- SUPPLIED INFORMATION
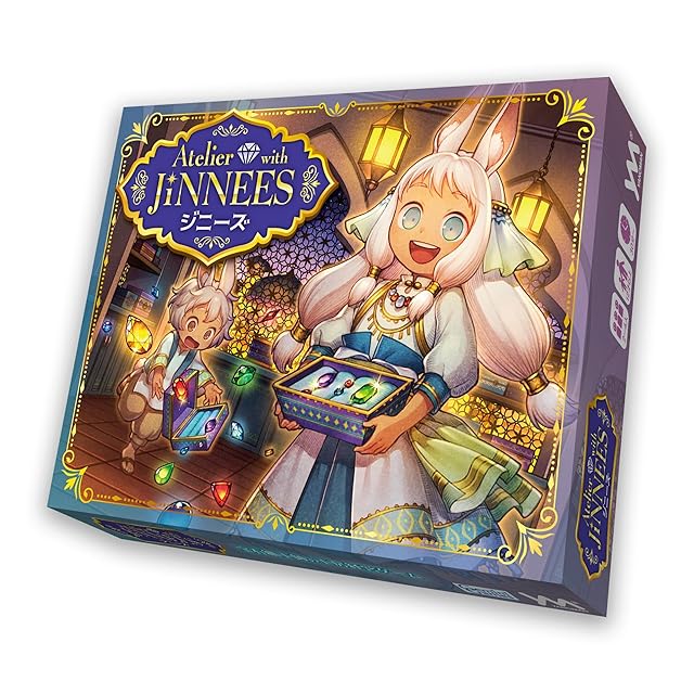 やのまん 宝石細工師の工房経営ゲーム [アトリエ・ウィズ・ジニーズ] プレイ人数:2~4名 ゲームデザイン:吉池真一(Gemini Games) イラスト:里瀬ほとり/kawakami
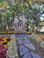 Много насаждений фруктовых деревьев,разных цветов ,пальм..
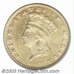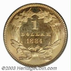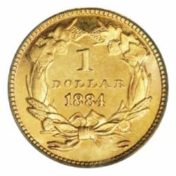 <table><tr><td><TABLE cellSpacing=0 cellPadding=0 width="100%" bgColor=#000000 border=0><TBODY> <TR><TD width="100%"><TABLE cellSpacing=1 cellPadding=3 width="100%" border=0><TBODY><TR><TD width="100%" bgColor=#79735c><FONT face=arial color=#ffffff size=3><B>Description</B> </FONT></TD></TR><TR><TD width="100%" bgColor=#ffffff><FONT face=arial size=2><B>1884 G$1 PR66 PCGS.</B></I> Ex: Bass Collection. This was the first year of greatly enhanced production of proofs, with 1,006 pieces struck in this format. Apparently many were used in the jewelry trade and attrition has taken a heavy toll on the original mintage. The current example is razor-sharp, and impressively preserved. A light milky haze is seen in the fields, but they remain fully reflective. The glassy surfaces are primarily a bright pumpkin-orange color, and no handling marks are to be found. Struck from the proof dies with the diagnostic doubling on the digits in the date. This coin was sold as part of the Harry W. Bass, Jr. Collection, in 1999, where it was identified as being of the sharply doubled date variety (Breen-6107), described by Walter Breen in his <I>Complete Encyclopedia of U.S. and Colonial Coins,</B></I>.<BR><I>Ex: Harry W. Bass, Jr. Collection (Bowers and Merena, 10/1999), lot 234, where it realized 10,350.00.</B></I> </FONT></TD></TR></TBODY></TABLE></TD></TR></TBODY></TABLE><BR><A name=PricesRealized></A><TABLE cellSpacing=0 cellPadding=0 width="100%" bgColor=#000000 border=0><TBODY><TR><TD width="100%"><TABLE cellSpacing=1 cellPadding=3 width="100%" border=0><TBODY><TR><TD width="100%" bgColor=#79735c><A name=PR><FONT face=arial color=#ffffff size=3><B>Previous Prices from Heritage Auctions</B> </FONT></A></TD></TR><TR><TD bgColor=#f6f6ed><TABLE cellSpacing=0 cellPadding=0 width="100%" border=1><TBODY><TR><TD align=middle width="33%"><B>Date</B></TD><TD align=middle width="33%"><B>Service</B></TD><TD align=middle width="33%"><B>Price</B></TD></TR><TR bgColor=whitesmoke><TD width="33%"><B>10/01/1999</B></TD><TD width="33%">PCGS</TD><TD width="33%">$10,350.00</TD></TR></TBODY></TABLE></TD></TR><TR><TD bgColor=#ffffff><FONT face=arial size=1 ?>PLEASE NOTE: All prices realized reflect the final hammer price PLUS the buyer's premium in auctions that charge a buyer's premium. Each item has a notation at the top of the listing indicating whether that lot included a buyer's premium. Example: A item that sells with a final hammer price of $100 and a 20% buyer's premium will display with a price realized of $120. All information listed is intended to be as accurate as possible, but errors are possible. Please use this guide carefully and inform us of any inaccuracies. </FONT></TD></TR></TBODY></TABLE></TD></TR></TBODY></TABLE><BR><TABLE cellSpacing=0 cellPadding=0 width="100%" bgColor=#000000 border=0><TBODY><TR><TD width="100%"><TABLE cellSpacing=1 cellPadding=3 width="100%" border=0><TBODY><TR><TD width="100%" bgColor=#79735c colSpan=6><FONT face=arial color=#ffffff size=3><B>Price Guide*</B> </FONT></TD></TR><TR bgColor=#f6f6ed><TD align=middle><B>Grade</B> </TD><TD align=middle><B>Coin World<BR>(Trends)</B> </TD><TD align=middle><B>Numismedia<BR>Retail</B> </TD><TD align=middle><B>Numismedia<BR>Wholesale</B> </TD><TD align=middle><B>Coin<BR>Universe</B> </TD><TD align=middle><B>Heritage<BR>Value Index</B> </TD></TR><TR bgColor=#ffffff><TD align=middle>65</TD><TD align=right>---</TD><TD align=right>---</TD><TD align=right>$7,550.00</TD><TD align=right>$9,500.00</TD><TD align=right>$6,741.67</TD></TR><TR style="FONT-WEIGHT: bold" bgColor=#cccfdd><TD align=middle>66</TD><TD align=right>---</TD><TD align=right>---</TD><TD align=right>$9,800.00</TD><TD align=right>$13,000.00</TD><TD align=right>$9,100.00</TD></TR><TR bgColor=#ffffff><TD align=middle>67</TD><TD align=right>---</TD><TD align=right>---</TD><TD align=right>$18,000.00</TD><TD align=right>$23,500.00</TD><TD align=right>$16,450.00</TD></TR><TR bgColor=#ffffff><TD colSpan=6><FONT size=1>*All information listed is intended to be as accurate as possible, but errors are possible. No item may be returned or refused based on this information which is provided as a service to our customers. You should contact each pricing source directly to determine the accuracy of this information. </FONT></TD></TR></TBODY></TABLE></TD></TR></TBODY></TABLE><BR><TABLE cellSpacing=0 cellPadding=0 width="100%" bgColor=#000000 border=0><TBODY><TR><TD width="100%"><TABLE cellSpacing=1 cellPadding=3 width="100%" border=0><TBODY><TR><TD width="100%" bgColor=#79735c><FONT face=arial color=#ffffff size=3><B>Population Guide</B> </FONT></TD></TR><TR bgColor=#ffffff><TD align=middle><!-- Begin Output of Population Grid--><TABLE cellSpacing=0 cellPadding=0 width="100%" border=0><TBODY><TR><TD vAlign=center><TABLE cellSpacing=0 width="100%" border=1 cellsadding="3"><TBODY><TR><TD vAlign=center><TABLE cellSpacing=0 cellPadding=3 width="100%" border=1><TBODY><TR><TD vAlign=center align=middle bgColor=#f0f1e8 colSpan=2 <CENTER><FONT face=Arial size=2><B>PCGS Pop </B></FONT><CENTER></CENTER></TD><TD vAlign=center align=middle bgColor=#f0f1e8 colSpan=2><CENTER><FONT face=Arial size=2><B>NGC Pop</B></CENTER></FONT></TD></TR><TR><TD vAlign=center><FONT face=Arial size=2>(66)</FONT> </TD><TD vAlign=center align=right><FONT face=Arial size=2>15</FONT> </TD><TD vAlign=center><FONT face=Arial size=2>(66)</FONT> </TD><TD vAlign=center align=right><FONT face=Arial size=2>0</FONT> </TD></TR><TR><TD vAlign=center><FONT face=Arial size=2>(>66)</FONT> </TD><TD vAlign=center align=right><FONT face=Arial size=2>6</FONT> </TD><TD vAlign=center><FONT face=Arial size=2>(>66)</FONT> </TD><TD vAlign=center align=right><FONT face=Arial size=2>0</FONT> </TD></TR></TBODY></TABLE></TD></TR></TBODY></TABLE></TD></TR></TBODY></TABLE><!-- End Output of Population Grid--></TD></TR></TBODY></TABLE></TD></TR></TBODY></TABLE><BR><TABLE cellSpacing=0 cellPadding=0 width="100%" bgColor=#000000 border=0><TBODY><TR> Important notic
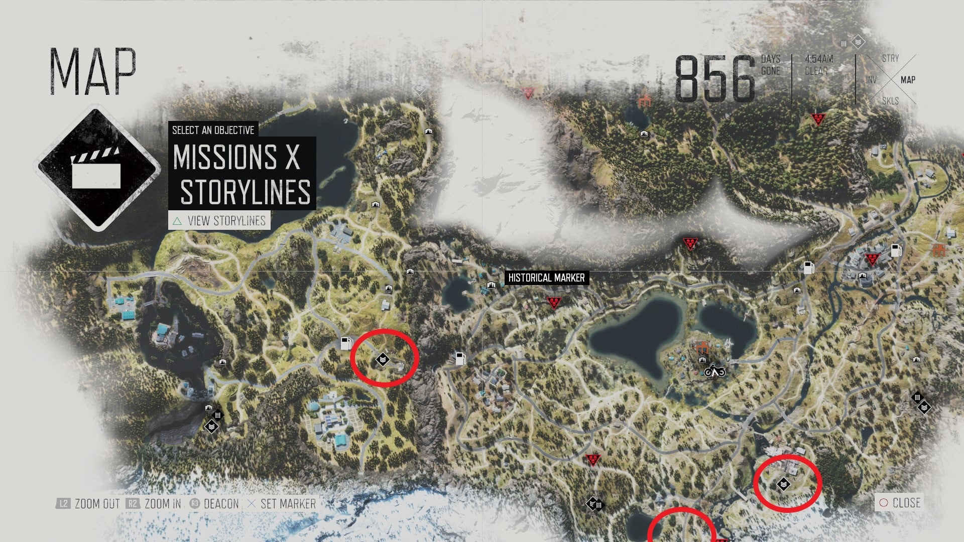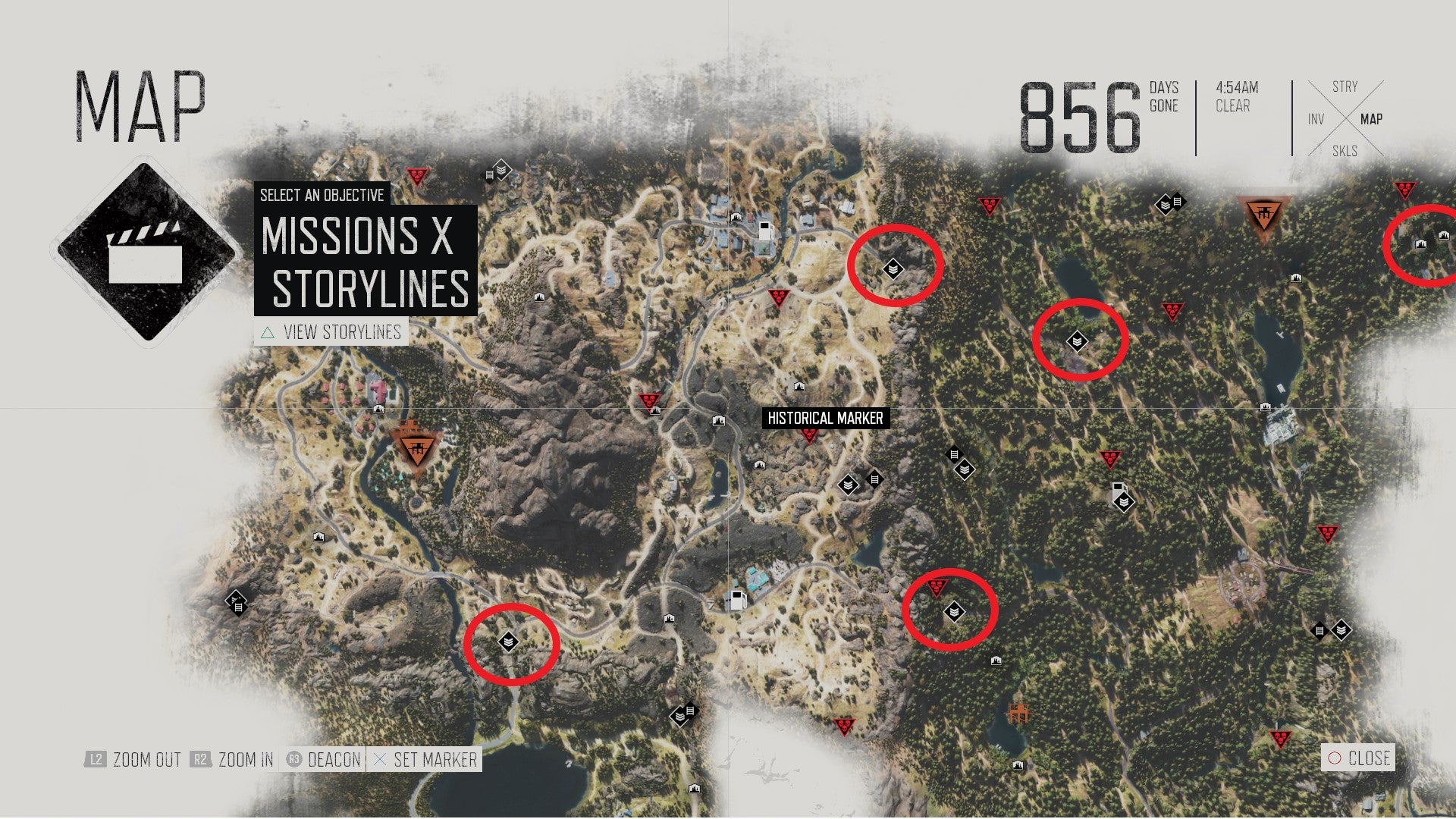 NERO Checkpoints are found all over the map in Days Gone. Each one hides a NERO Injector (more on that later) and once unlocked can be used as a fast travel point. They are represented as white crosses on your map, though will turn into black crosses once you restore power. Let’s take a look at where you can find them on the map.
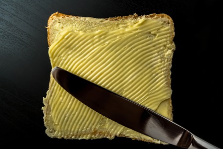 Butter with beautiful stains and a knife on a piece of bread close-up isolated on a black background
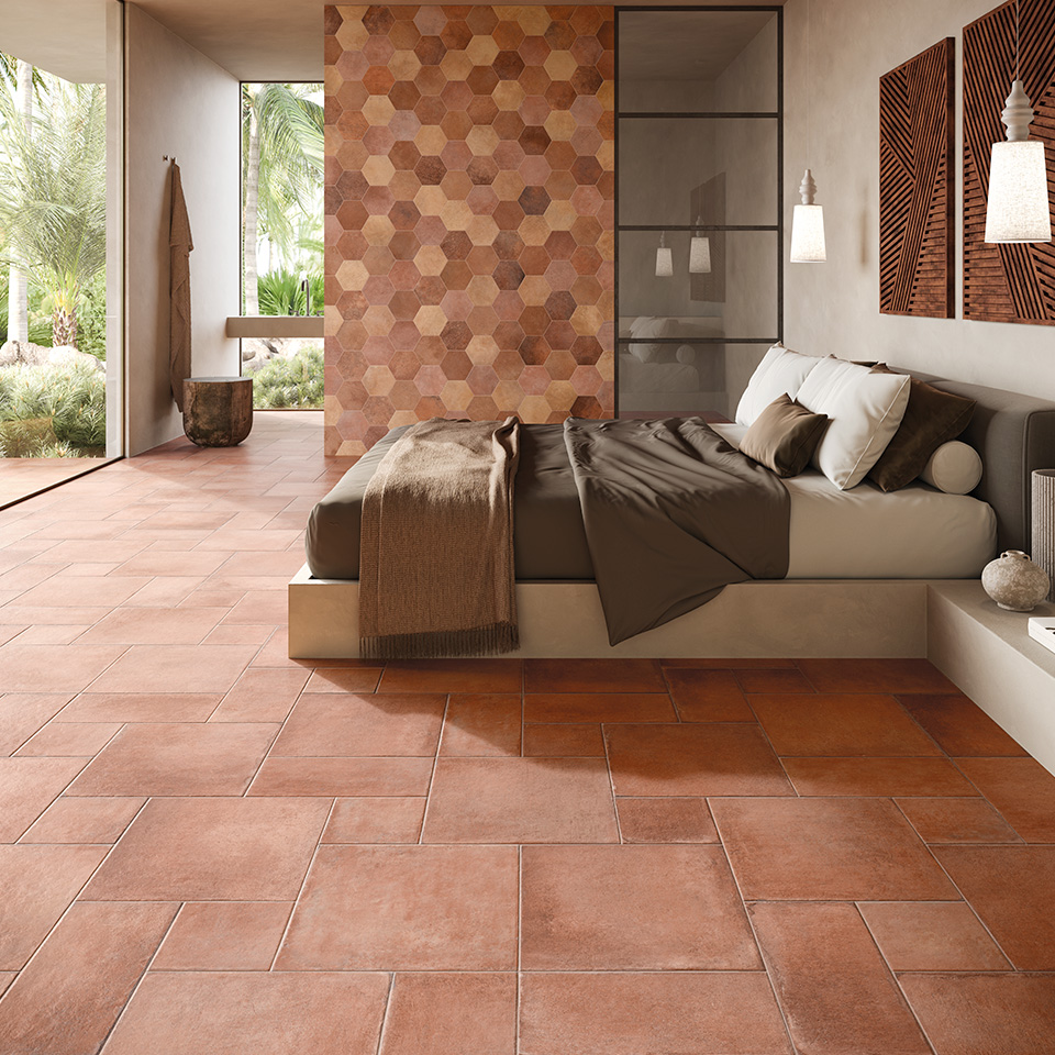 Le carrelage effet terre cuite en version Opus combine le charme chaleureux et naturel de la terre cuite avec la soliditĂ© et la durabilitĂ© dâun carrelage moderne. GrĂące Ă ses formats variĂ©s et sa pose type mosaĂŻque ou Ă motifs alĂ©atoires, il apporte une ambiance authentique et pleine de caractĂšre Ă vos sols; chaleureuse, conviviale, et un peu rustique.
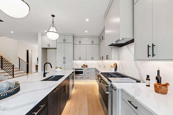 - Dishwasher, ENERGY STAR Qualified Appliances, Gas Range, Microwave, Plumbed For Ice Maker, Range Hood, Stainless Steel Appliance(s), Tankless Water Heater, Warming Drawer
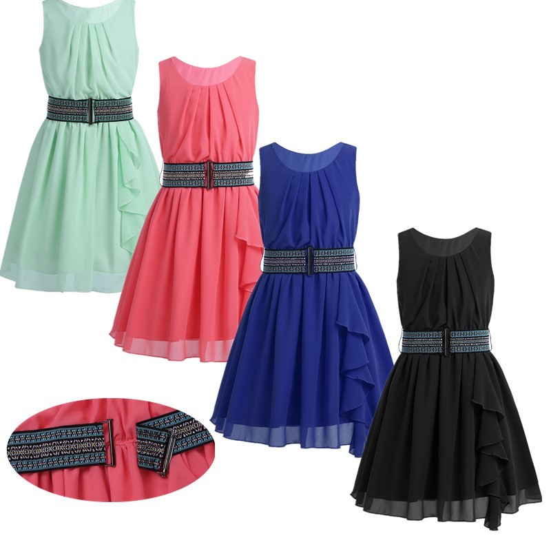 Dress is made of polyester and chiffon material, hand wash or dry cleaning.
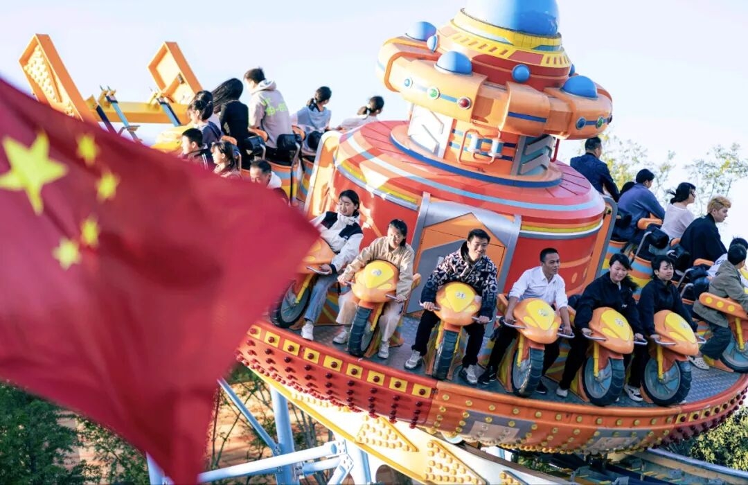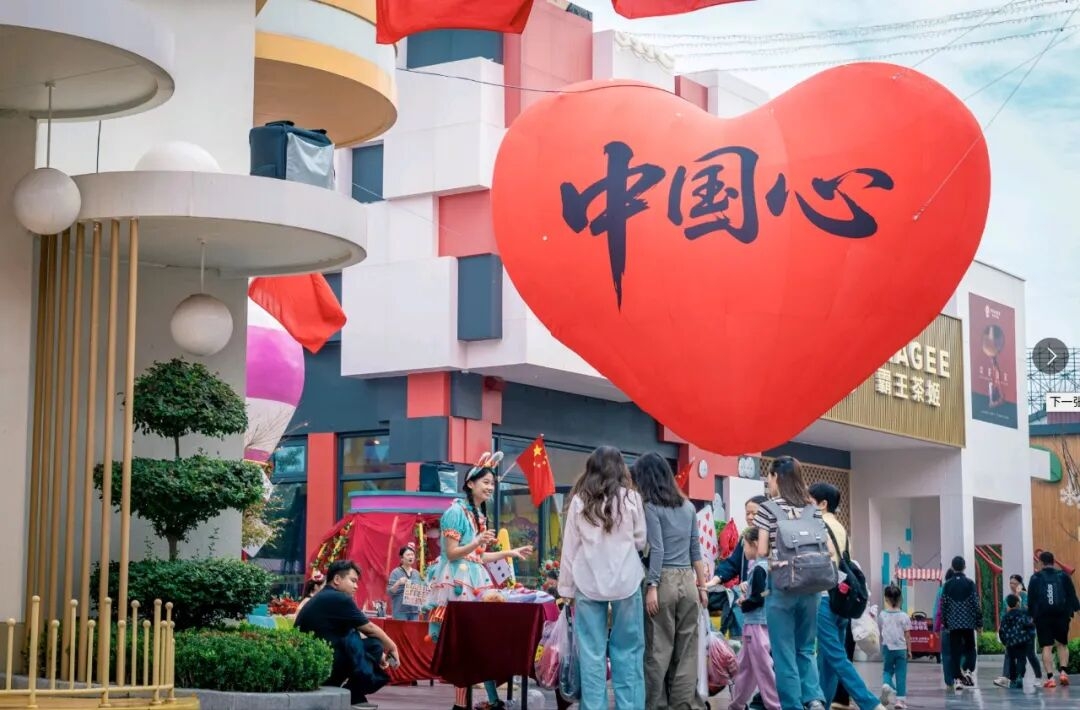“十一”假期的方特乐园始终人流如织,洋溢着浓浓的节日气氛,这里用“中国红”打造出第一波视觉潮流。红旗漫卷,非遗墙面换新颜,巨型“中国心”气模成为热门打卡点,游客在“盛世画卷”集章中触摸历史,在明月夜下共话团圆——在这里,“潮”不仅是色彩,更是情感的表达。
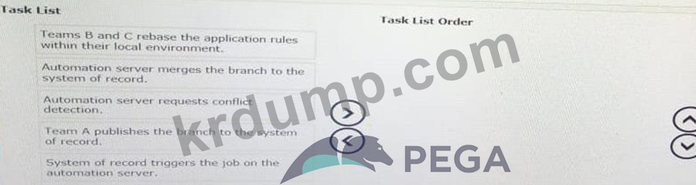모든 개발 팀이 최신 버전의 공유 룰 베이스로 작업하는지 확인하려면 다음 태스크를 모두 선택하여 태스크 목록 순서 열로 이동하고 올바른 순서로 배치하십시오.

- DIRECTIONS
Please print, exactly as given, the lines running from the beginning of the listing through the line containing "Много насаждений фруктовых", omitting each picture.

- EXERCISE RESULT
 やのまん 宝石細工師の工房経営ゲーム [アトリエ・ウィズ・ジニーズ] プレイ人数:2~4名 ゲームデザイン:吉池真一(Gemini Games) イラスト:里瀬ほとり/kawakami
 Много насаждений фруктовых деревьев,разных цветов ,пальм..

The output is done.